Adolfo miró a Coca... miró a Laura... miró la carta... miró al jardín... y repuso, cómicamente trágico:

—¡Con el capitán Pérez!

VII

No quedaba la menor duda. En la carta leída varias veces sucesivamente y en voz alta por los tres hermanos hasta aprenderse el párrafo de memoria, Ignacio decía bien claro: «Se nos conceden unas cortas vacaciones que aprovecharé yendo a visitarlos al Tandil. Llevaré conmigo a un camarada, el capitán Pérez, con quien me liga estrecha amistad. Pérez se muere por la caza y sabemos que por allá hay perdices. Prepárenle una habitación. Es un buen muchacho, de constante buen humor. Contamos con que el amigo estanciero de quien ustedes tanto me hablan en sus cartas, el señor Vázquez, nos permita cazar en su campo... Pasado mañana a la noche tomamos el tren. No nos detendremos en Buenos-Aires; al día siguiente de que ustedes reciban esta carta, nos recibirán a nosotros en cuerpo y alma.»

Anonadada, repetía Coca:

—¡En cuerpo y alma!... ¿Quién lo creyera?... ¡En cuerpo y alma!...

Laura explicó el caso como una mera casualidad. ¡Habría tantos Pérez en el ejército!...

Coca pidió, ahora con más razón, que no se le dijera una palabra a Vázquez. Ella se arreglaría con él, sin descubrir aún su broma...

Y Adolfo, encarando la cuestión por el lado práctico, opinó que convenía evitar el encuentro de Coca y el capitán. Pero, ¿cómo?... Coca no podía huir a Buenos-Aires el día que llegaba al Tandil su hermano, después de año y medio de ausencia... A Ignacio no podía enviársele telegrama alguno, para que aplazase la invitación a Pérez, pues que ya venían los dos en viaje... Alojar a Pérez en la casa era impropio, después de lo sucedido... Mandarle al pésimo hotel del pueblo era cruel... ¡Qué problema de más difícil solución!... Observó Coca que recordaba el de aquel pobre hombre que tenía que transportar al otro lado del río una cabra, una col y un lobo, sin que la cabra se comiera la col, ni el lobo la cabra.
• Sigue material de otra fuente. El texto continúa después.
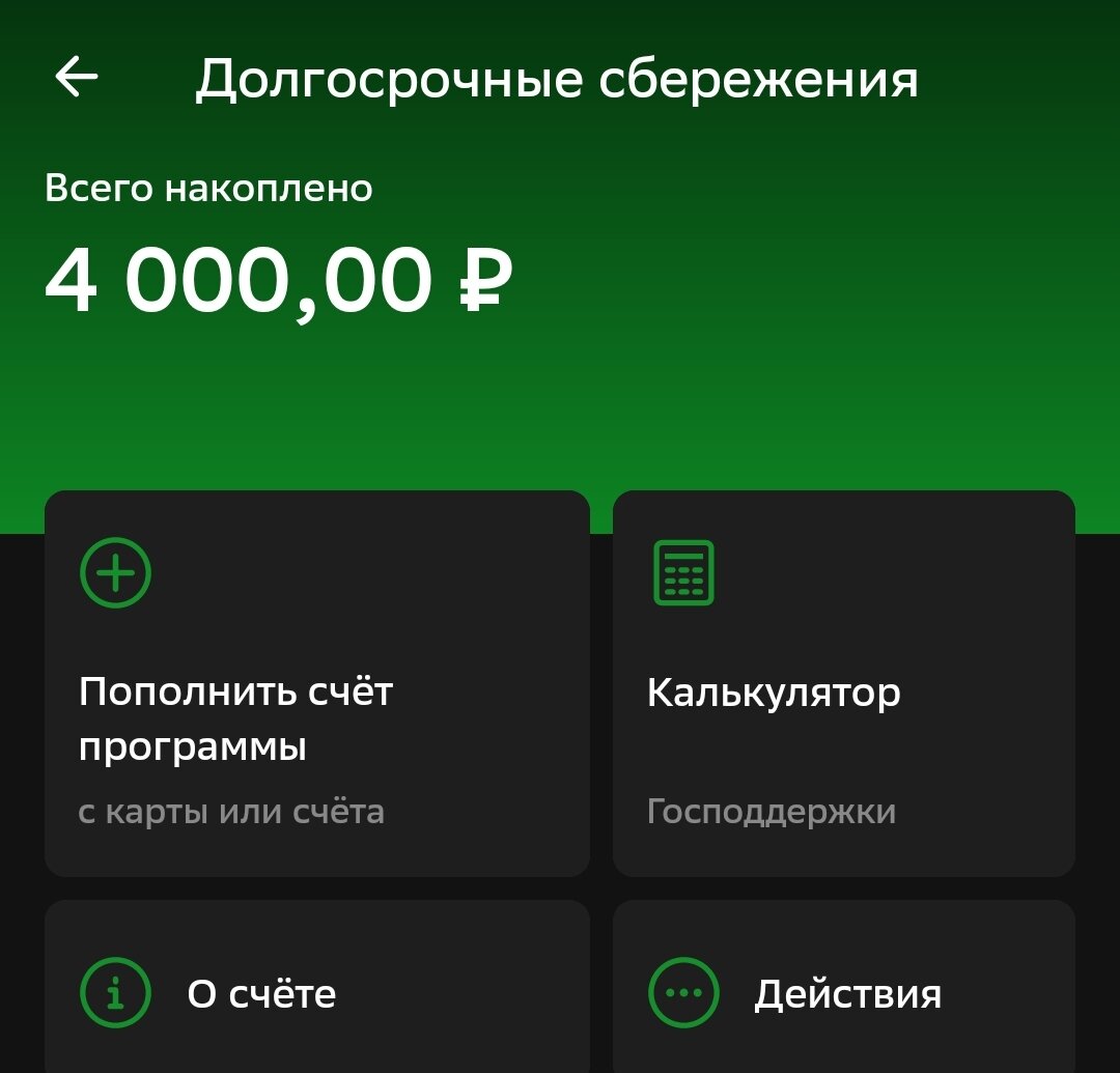 Вчера пополнил счет ДОЛГОСРОЧНОГО ПЕНСИОННОГО НАКОПЛЕНИЯ на очередные 2000 рублей. В январе 2024 начала действовать данная программа и я в один из первых дней подключился к ней. Пришлось побегать -планировал открыть её в ВТБ, однако сотрудники отделения даже не в курсе, что существует подобная программа. Пришлось открывать в Сбере. Ибо, Сбер- наше ВСЁ! Сделал онлайн за пару минут. Минимальный платёж 2000 рублей. Настроил автоплатёж на 2000 р. Вчера было первое списание. Теперь на счете 4000р. Что же такое Договор длительного пенсионного накопления (ДПН)? По сути, это среднее между вкладом и покупкой облигаций. Только срок размещения минимум 5 лет. Чем же отличается от депозита на 5 лет?! Первое, с суммы пополнения можно получит налоговый вычет в конце года. 13% от пополнений. Второе, про пополнении счета, государство увеличивает сумму до 50% на счете. Например, если вы положите 50 000 р. Государство доплатит 25 000 р. Итоговая сумма, которая будет у вас на счете 75 000 рублей. Выгод
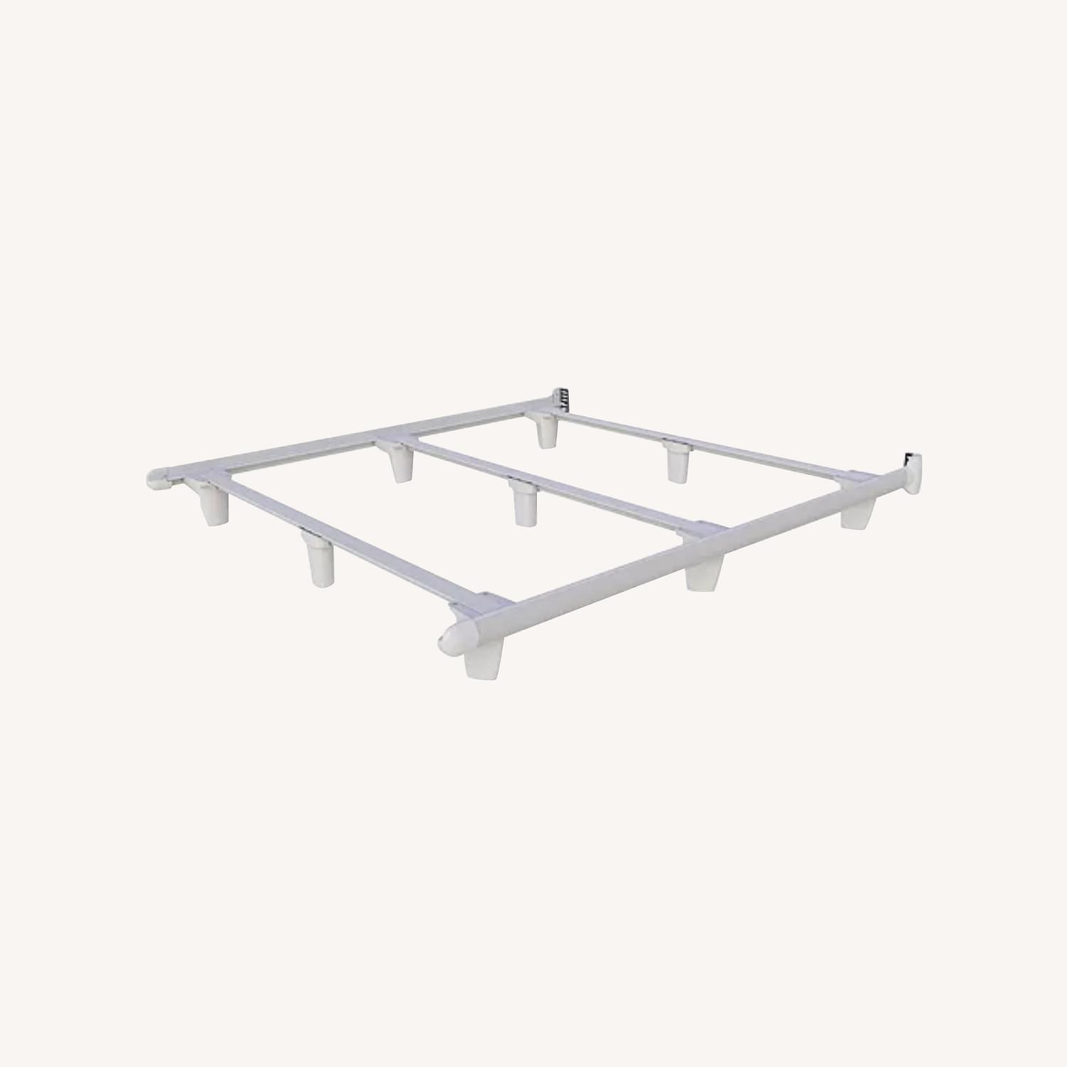 Seller's Notes:Knickerbocker Embrace Queen bed frame in white. No tool assembly T-shaped rails eliminate flexing Minimizes squeaking and rattling Made in USA Steel/injection molded fiberglass resin

Contaba para ello con un pequeño bote dentro del cual sólo cabía cada vez una de las tres cosas. Y no podía dejar, en ninguna de las dos orillas, ni al lobo con la cabra, ni a la cabra con la col...

Después de mucho discutir, los tres hermanos convinieron en arreglarle a la visita una pieza en el hotel, e invitarlo diariamente a almorzar y a comer. Coca lo evitaría, explicándose con don Mariano...

Don Mariano supo en el día la terrible noticia. ¡El capitán Pérez estaba ad portas!... Sin perder un momento, requirió una contestación categórica de Coca... Y Coca, que no quería otra cosa, le juró que jamás había amado al capitán Pérez...

Vázquez le preguntó aún:

—¿Está usted segura, Coca, de no haberlo querido... y de que nunca hubiese llegado a quererlo?...

¡Si estaría segura!... Por eso repuso, mirando hondamente al estanciero:

—¿Llegar a quererlo?... Creo que antes me hubiera enamorado de un títere o de un árbol... ¡Puede usted creerme!

Había que creerla... ¡Feliz don Mariano!... ¿Conque el capitán Pérez era como un títere o un árbol?... ¡Oh don Mariano, mil veces feliz!

Habiendo tomado tan favorable giro la plática, el pretendiente instó y apremió a su pretendida para que de una vez lo aceptase como novio... Coca se hizo de rogar bastante... Discutió todavía... ¿Podía estar segura del amor de Vázquez?... ¡Eran tan inconstantes los hombres!... Y razonando así, entretuvo un buen rato al estanciero, como una gatita blanca que juega con un ovillo de seda roja...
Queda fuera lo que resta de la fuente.